■ Available data
((

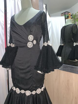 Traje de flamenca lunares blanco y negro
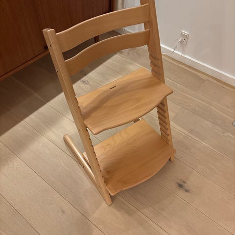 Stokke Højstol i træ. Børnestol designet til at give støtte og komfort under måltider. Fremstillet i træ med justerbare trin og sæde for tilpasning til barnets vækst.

))
((

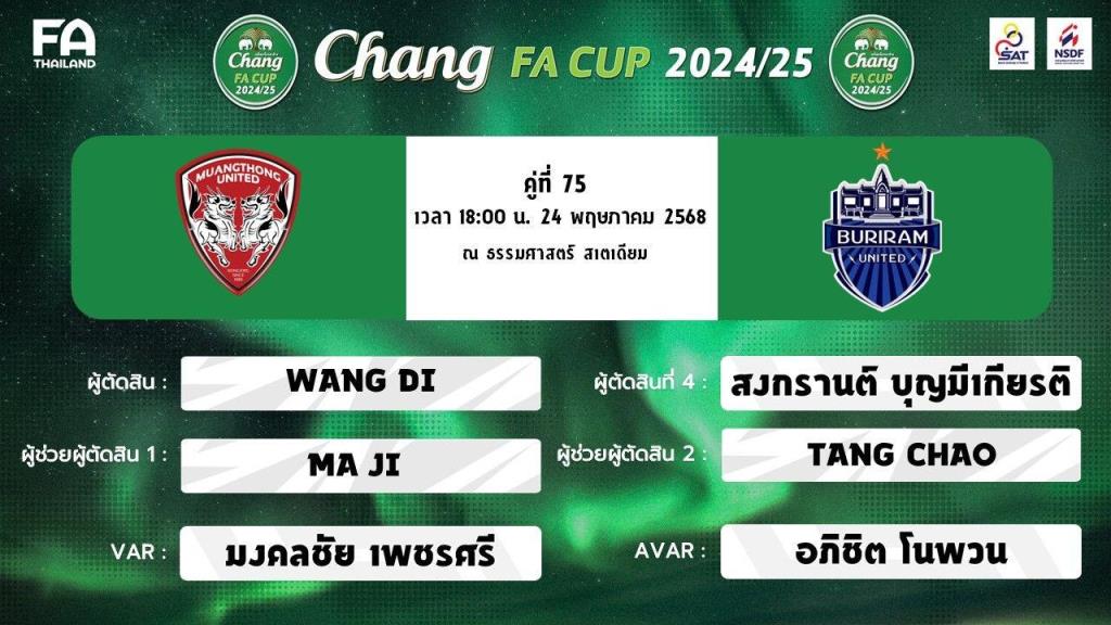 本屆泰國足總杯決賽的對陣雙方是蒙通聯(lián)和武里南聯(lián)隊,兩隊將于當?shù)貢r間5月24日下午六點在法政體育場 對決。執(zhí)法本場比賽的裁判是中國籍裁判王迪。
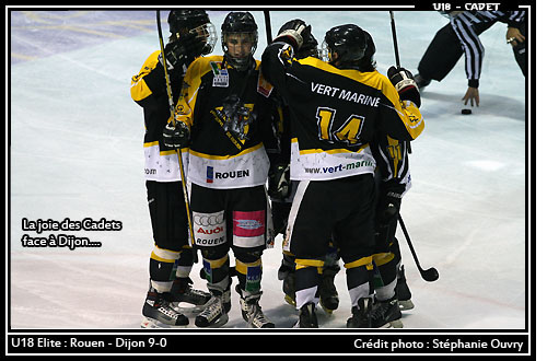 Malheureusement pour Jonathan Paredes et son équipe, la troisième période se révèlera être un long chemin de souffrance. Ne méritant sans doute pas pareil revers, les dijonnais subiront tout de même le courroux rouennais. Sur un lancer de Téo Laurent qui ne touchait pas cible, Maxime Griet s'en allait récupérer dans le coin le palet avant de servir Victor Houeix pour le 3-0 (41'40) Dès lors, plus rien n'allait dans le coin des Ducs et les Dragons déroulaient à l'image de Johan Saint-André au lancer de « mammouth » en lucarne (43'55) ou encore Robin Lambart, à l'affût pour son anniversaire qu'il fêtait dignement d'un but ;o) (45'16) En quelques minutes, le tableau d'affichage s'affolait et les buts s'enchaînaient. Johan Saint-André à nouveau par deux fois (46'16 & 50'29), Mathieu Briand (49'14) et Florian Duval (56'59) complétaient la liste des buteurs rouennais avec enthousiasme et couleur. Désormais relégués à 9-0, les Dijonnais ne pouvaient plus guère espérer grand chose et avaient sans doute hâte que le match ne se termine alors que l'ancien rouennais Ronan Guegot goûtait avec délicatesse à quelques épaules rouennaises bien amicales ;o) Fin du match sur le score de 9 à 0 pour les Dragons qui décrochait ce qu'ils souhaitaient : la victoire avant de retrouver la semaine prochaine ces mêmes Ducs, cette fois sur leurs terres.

))

■ What to work on
Starting at the line containing "Traje de flamenca lunares blanco y negro" and finishing at the line containing "Stokke Højstol i", return those lines exactly as they appear above, without the pictures.

■ Output for this task
 Traje de flamenca lunares blanco y negro
 Stokke Højstol i træ. Børnestol designet til at give støtte og komfort under måltider. Fremstillet i træ med justerbare trin og sæde for tilpasning til barnets vækst.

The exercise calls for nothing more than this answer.